In the age of the rise of internet stardom, Wellesley students are bound to have used social media to reach many people at once. One social media platform that Wellesley students use in order to create videos showcasing their talents and tap into communities that share their same passions and interests is YouTube.
Lily Chen ’16 is one such rising internet star who creates covers of Vocaloid music, which is produced using voice synthesizers. She is also known as a “trap singer” because she is able to sing in both male and female voices. Her username on YouTube is SirHamnet. In 2009, Chen learned of the community of Vocaloid fans. This, she explained, was at the beginning of the rising popularity of Vocaloid.
“I accidentally stumbled upon this ‘fandom’ in late 2009 through a cosplay photo on DeviantArt; this was just around the start of Vocaloid’s popularity, actually. I was really inspired by the other cover artists on [YouTube] and Nico Nico Douga (the Japanese YouTube, essentially) and felt like this was something I wanted to do as well,” Chen explained.
Although Chen now has almost 49,000 subscribers, she was discouraged at first by the pace at which her videos were taking off.
“Honestly it was a very slow start; for the first year or so I plateaued around 200 subscribers and I had been very frustrated. But I was really determined and really wanted to make it ‘big.’ I had made a number of close friends through YouTube at this point and they helped encourage me that as long as I kept practicing and trying my best, I was sure to see results,” Chen said.
As her popularity amongst the Vocaloid community, also known as Youtaite community, grew, Chen formed relationships with viewers and creators of videos. One such friend happened to be fellow Wellesley student Lucy Shen ’17, who had been following Chen on YouTube.
“This one is a great coincidence — we both belong to the same online ‘Youtaite’ community, and I happened to be a fan of her. She added me on Facebook when she stumbled across my profile in one of the Wellesley groups, thinking that I was just another Wellesley classmate and that my name looked familiar, and then I recognized her and instantly messaged her freaking out about how honored I was that she had added me on Facebook,” Shen recounted.
The two eventually became close friends and roommates while at Wellesley. They also took the opportunity to collaborate on some YouTube videos, as Shen sings as well. Her YouTube account, Lyrratica, consists of videos showcasing her vocal talent and cosplaying.
“At first, it was just because I enjoyed singing and felt like it might be fun to upload my covers so that I could share them with friends.
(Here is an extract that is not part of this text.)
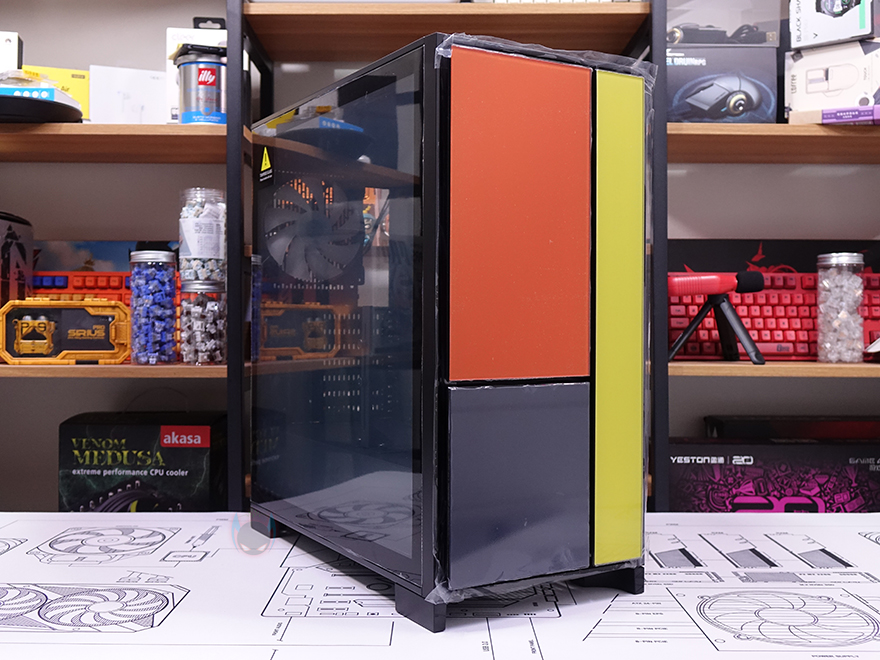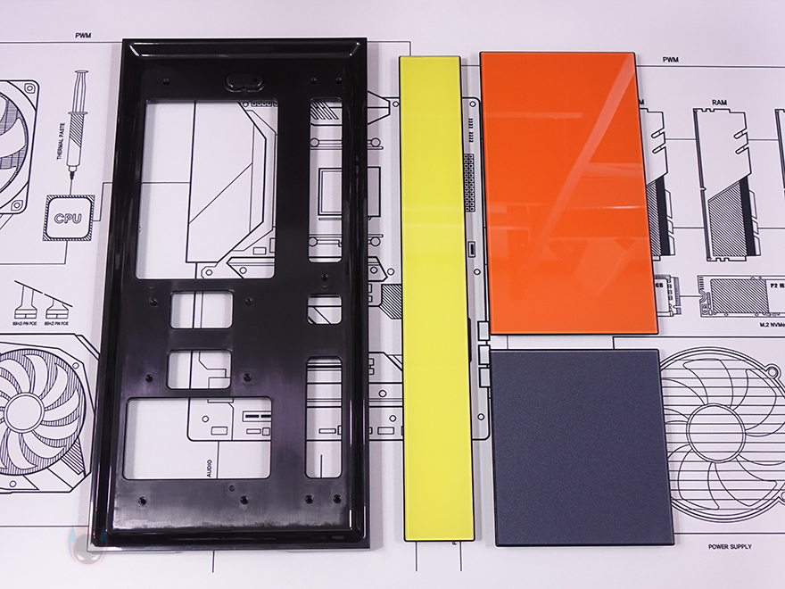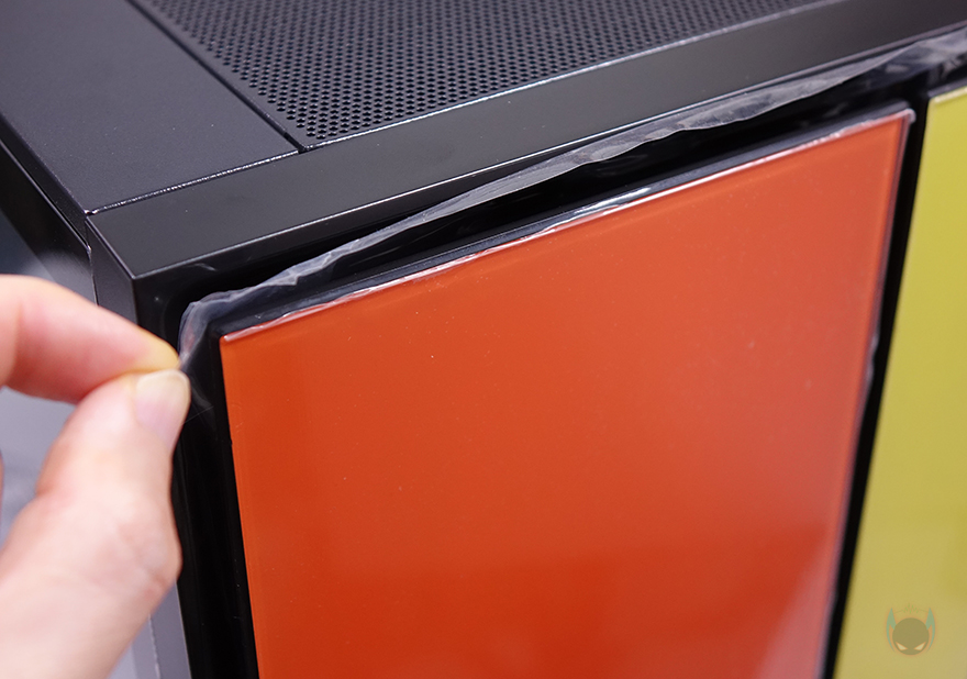 본격적으로 마이크로닉스의 EH1 몬드리안 PC케이스를 살펴보면, 일단 개봉시 전면 베젤에는 보호비닐이 부착되어 있기때문에 모두 제거를 해줘야합니다. 그리고, 색상은 샤시 기준으로 블랙과 화이트 2가지 색상으로 출시되었는데, 전면 베젤의 디자인 정확히는 색상 디자인도 다르게 적용했죠. 물론, 이 제품의 가장 큰 핵심을 전면 베젤에 적용된 3가지 패널 색상으로 이는 화가 피에트 몬드리안의 작품에서 영감을 얻어 적용한건데, 그동안 이 화가의 영감으로 디자인을 적용한 경우는 전자제품이나 가구에서 많이 볼 수 있었지만, PC케이스는 사실상 처음이라 할 수 있습니다. 또한, 3개의 색상 패널 중 윗부분과 맨 오른쪽 패널은 강화유리에 유광이며, 나머지 아래에 1개는 무광으로 처리되었죠. 또한 무광부분에는 펄 효과도 들어가있으며, 3개의 색상 패널은 교체도 가능하기때문에 총 27가지의 색조합으로 표현할 수 있습니다.

I soon became integrated into the community that I’m currently in, and it’s collaborations with friends and other artists I look up to that really motivate me now. Making music you love with people you love is just fantastic,” Shen said.
However, it can be difficult creating videos while in college, according to both Chen and Shen. Although finding a place to record their music, such as the practice rooms in Jewett Arts Center, is possible, finding the time to create the videos can be difficult.
“Since a lot of my videos don’t actually require visual content, all I really need to do is squirrel away in my room or a practice room in Jewett with my mic and laptop to get some recording done. Finding the time to do that can be a lot trickier, especially given the academic environment of a place like Wellesley, but coordinating collaborations with friends online serves as a pretty effective motivator to get recording done in a timely fashion,” Shen said.
Chen explained that videos can often take two or three days, or even up to a month, to create and publish online. While in school, she must also allocate time to record and edit.
“It’s a bit disappointing because I know that my popularity suffers from my inconsistency, but my studies will always come first, so there’s not much to do. I hope that after graduating this May, I’ll be able to resume a more regular schedule,” Chen said.
Hayley Liebenow ’19, who created her YouTube channel “Hayze” just this year, has used being at Wellesley to her advantage in her videos, which include clips of fellow students and also “lookbooks,” in which she showcases her fashion. These lookbooks incorporate Wellesley campus as a beautiful background.
Her video “What Do You Love About Yourself,” is named for the question Liebenow asked multiple friends in front of her camera, and the video was shared by Upworthy, an online platform that shares videos and articles. From there, the video went viral among Liebenow’s friends on Facebook and she was approached by people on campus who appreciated her video.
“I was honestly overwhelmed (in a good way!) by how many people walked up to me directly and told me how much they loved the video and were happy for me. It made me so happy and added to the surreality of it all. So many people shared it on Facebook and my friends who were in the video were getting stopped on campus, too; it was a nice feeling to be recognized for something I had worked hard on,” Liebenow said.
One of the common threads amongst these creators of videos is that there is a strong feeling of community and also the feeling of reaching other people and impacting them through this medium.
“I made some very close friends back when I first started and we’ve stayed together as a friend group for about 5 years at this point, occasionally visiting each other and keeping in touch despite our very different (yet similar) lives. It’s really cool to have this “other” life online and be able to reach out to people from all over the world!” Chen said. “It’s also a great feeling, after uploading a video, to know that it can reach so many people out in the world — make them laugh, make them cry. Knowing that I’ve made even the tiniest impact on so many people out there is really amazing!”